Technical Help - Cannot put a d# into score

• Mar 29, 2018 - 18:37

Hi all,

I'm copying a violin score into Musescore 2 for my child to practice from. The score is in Bb and one bar calls for a D#. When I put in a D and tap the up arrow to raise by a semi-tone the D goes to an E (not D# as I would have expected). When I manually change the D to a D# it still sounds like an E. Why can't I put in a D#?

Sorry if this is a dumb question. I'm not well educated musically.


Comments

If you look at the status bar in the bottom left corner of the MuseScore window you will see the "E" is actually an "Eb" as is expected by the key signature. The default result for using an arrow key is for a note to be spelled according to the key signature. If you want to change the spelling of the note, you may select it and press j until you get the proper spelling (it should only be once, other notes take more than once) or you can select the D and add the sharp by clicking the # symbol on the toolbar that should be displayed at the top of your window.

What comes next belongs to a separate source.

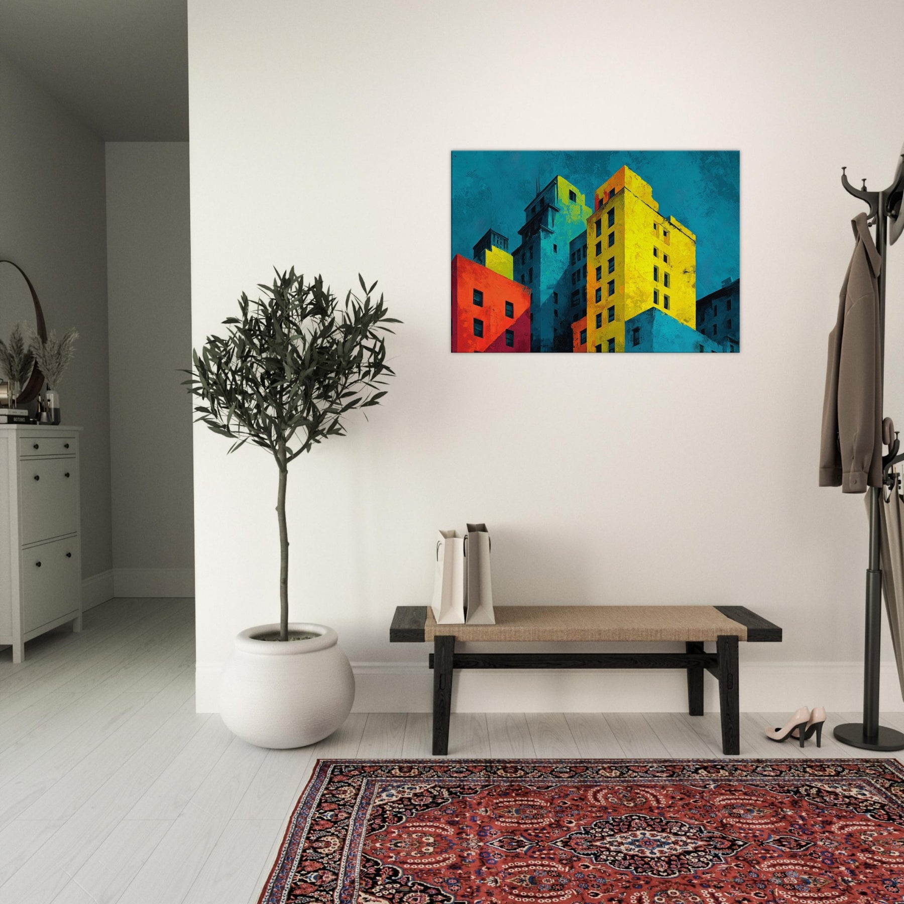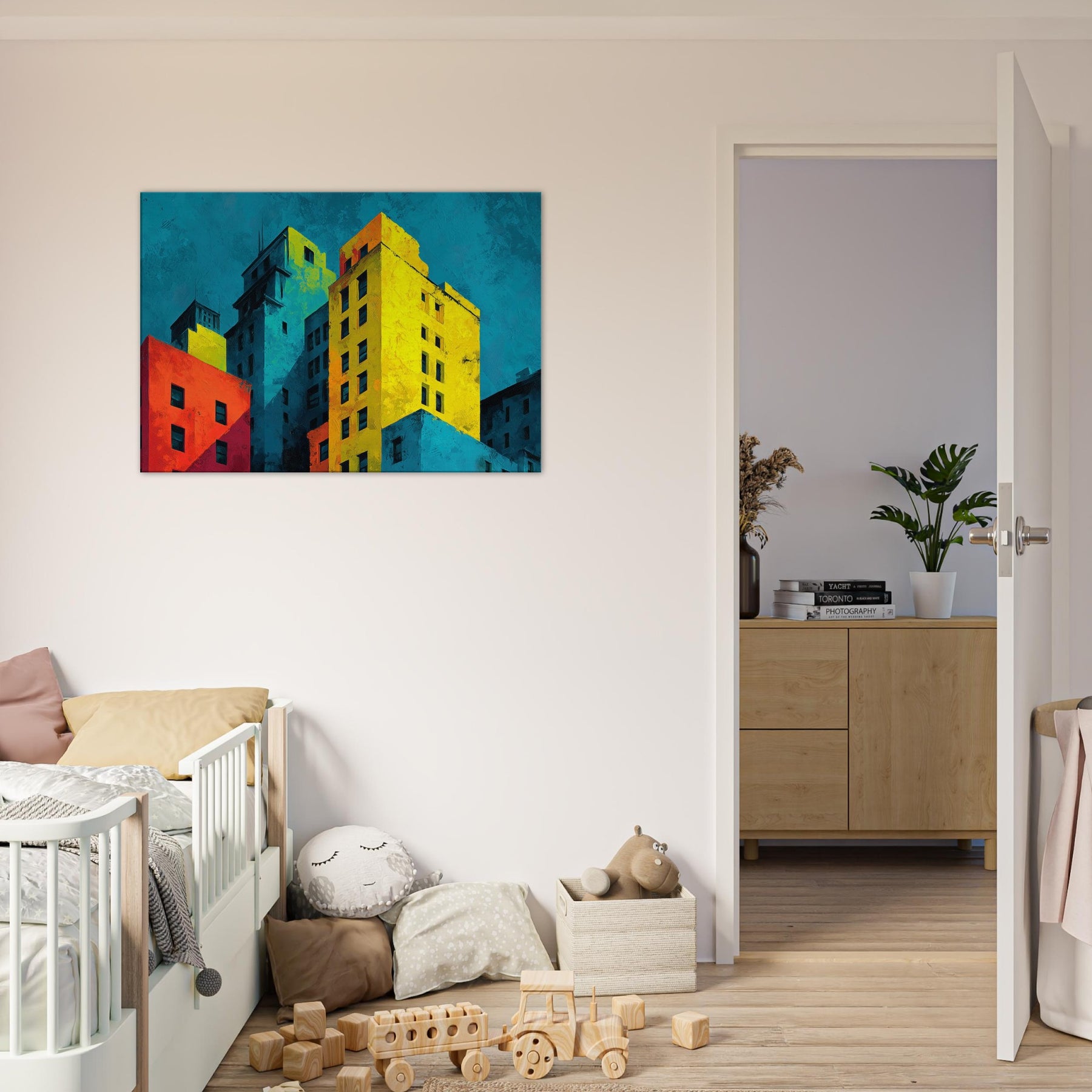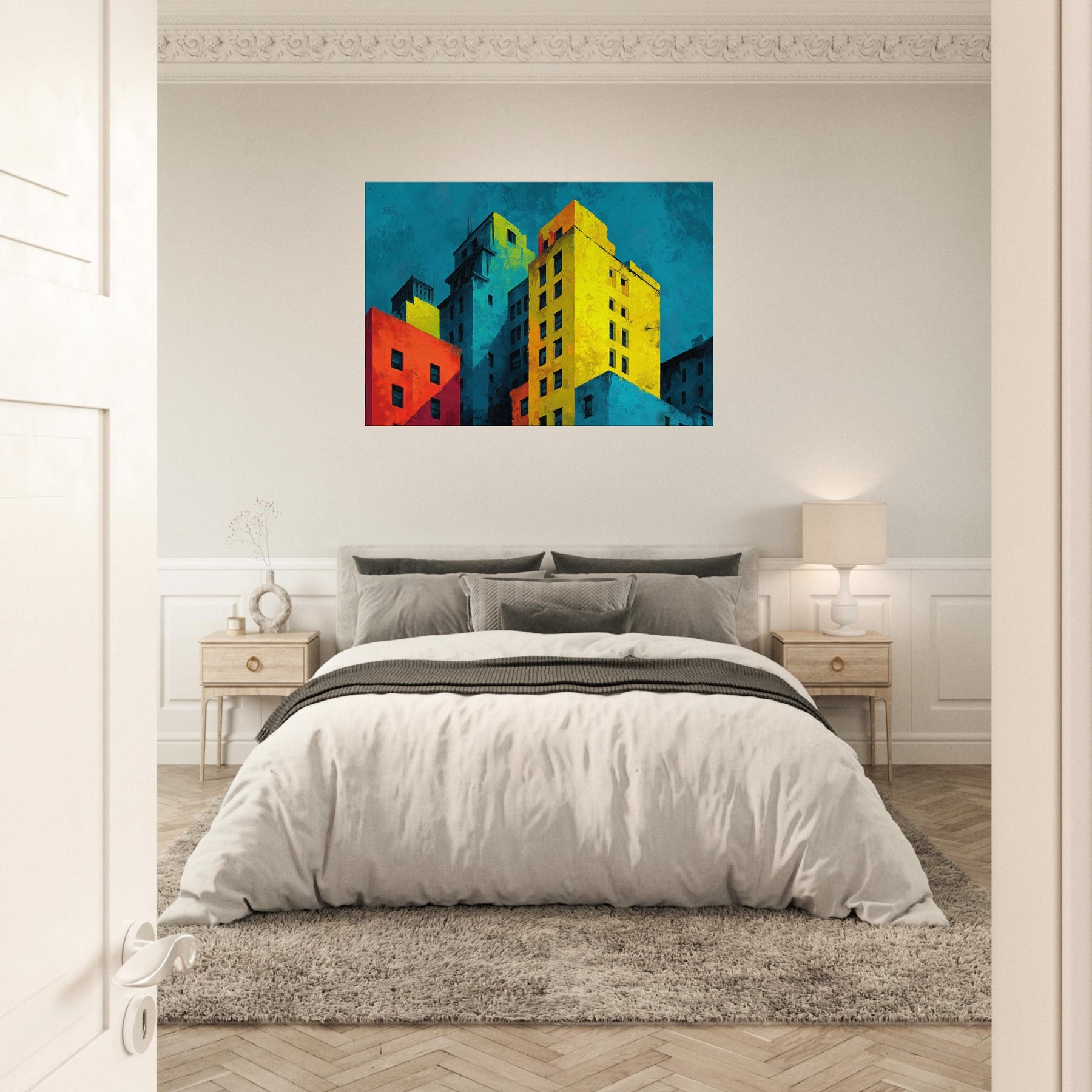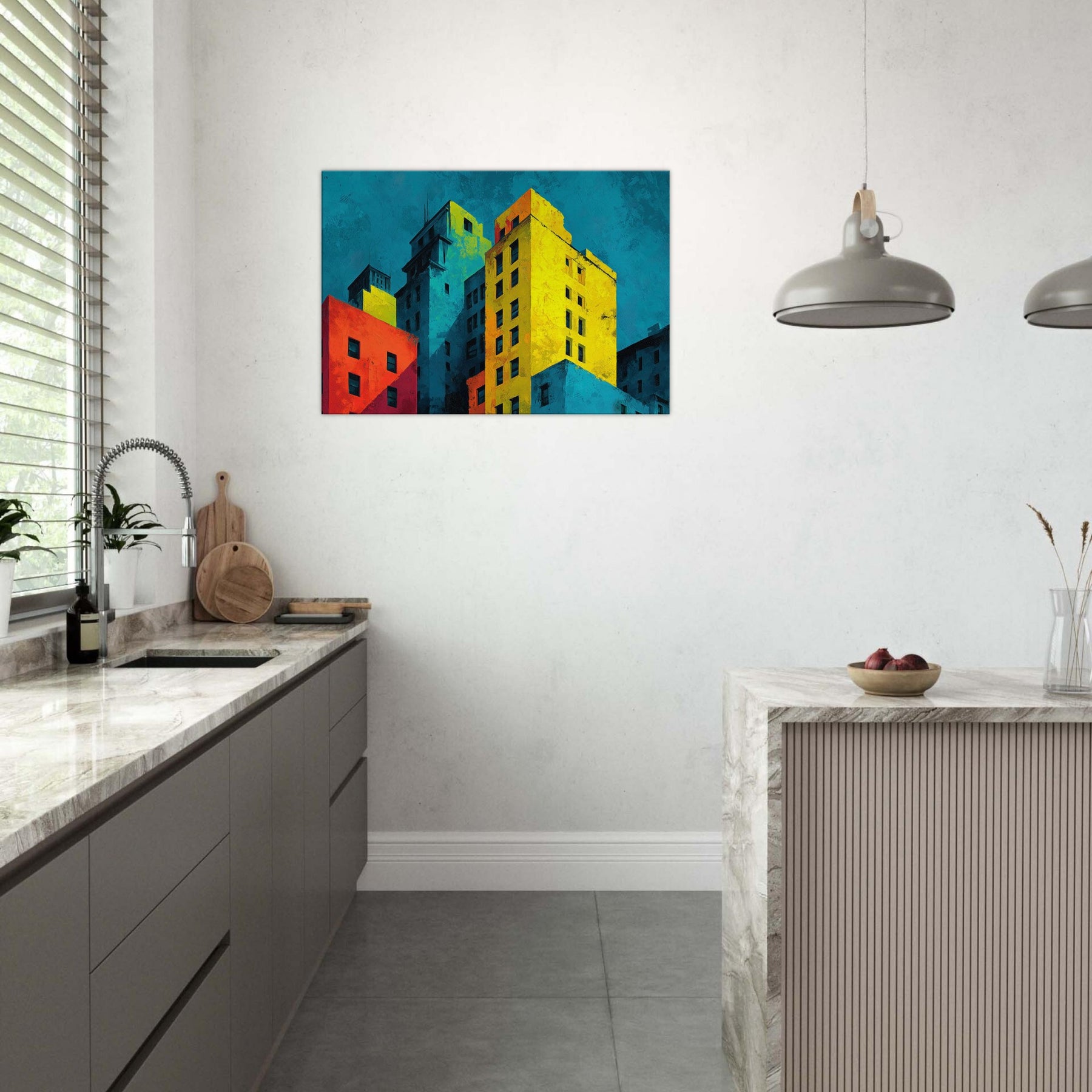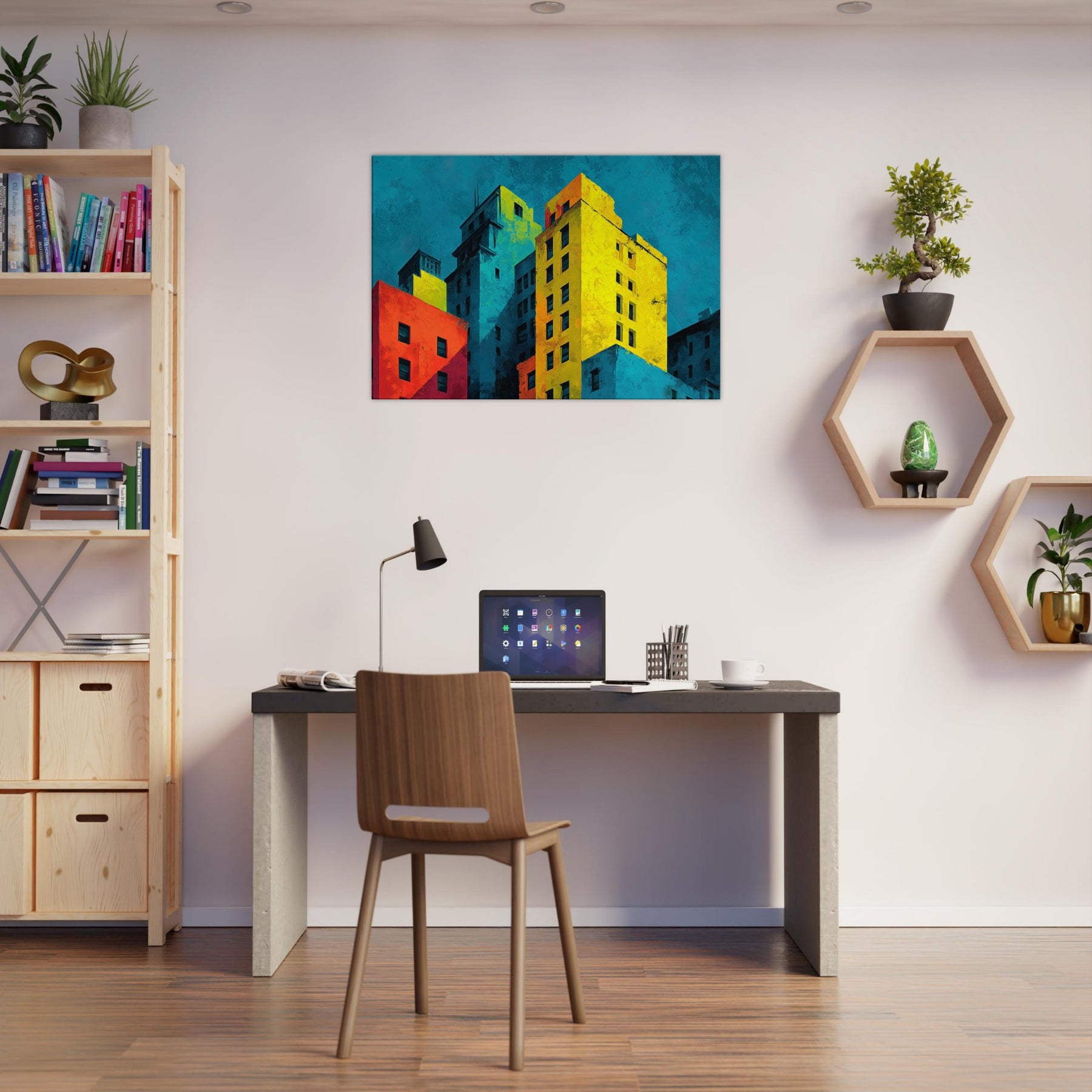 Immerse your space in a city's heartbeat. This abstract composition translates San Francisco's hills and harbor into bold color blocks and soft shadows, where cyan skies meet sunlit yellows and crimson facades. The piece breathes with energy, yet invites contemplation; an evening breeze rustles through translucent layers, while the layered textures invite touch and curiosity. Hang it to anchor a living room or study; it reframes ordinary walls into a vibrant, cinematic atmosphere that amplifies light, conversation, and urban imagination.

A short course on notes. Eb = D#, A#=Bb. Basically except of C (which when you add a flat =B and E when you add a sharp = F) a sharp on a note = and flat on the note above it.

In reply to by some_other_guy

I would hope that MuseScore encourages more people to learn about music. I'm glad to hear you child is learning to play an instrument. As long as we know that you don't know much about music we know how to better answer your questions. We have people such as yourself with no musical experience to established composers using MuseScore, so if we know a user's experience level it is much easier to help them.

Now and again you may wish to add a D# instead of an Eb and the best way to do this is to go to Edit >Preferences >Shortcuts, scroll down to Note Input # and set your # key as the shortcut. Then when you want a D# and not an Eb you use your keyboard to enter the note and just type d#.

Similarly for other accidentals - I have = for Natural, ´ (apostrophe) for flat, ; (semicolon) for double sharp, , (comma) for double flat etc. You can set your own up the way you like.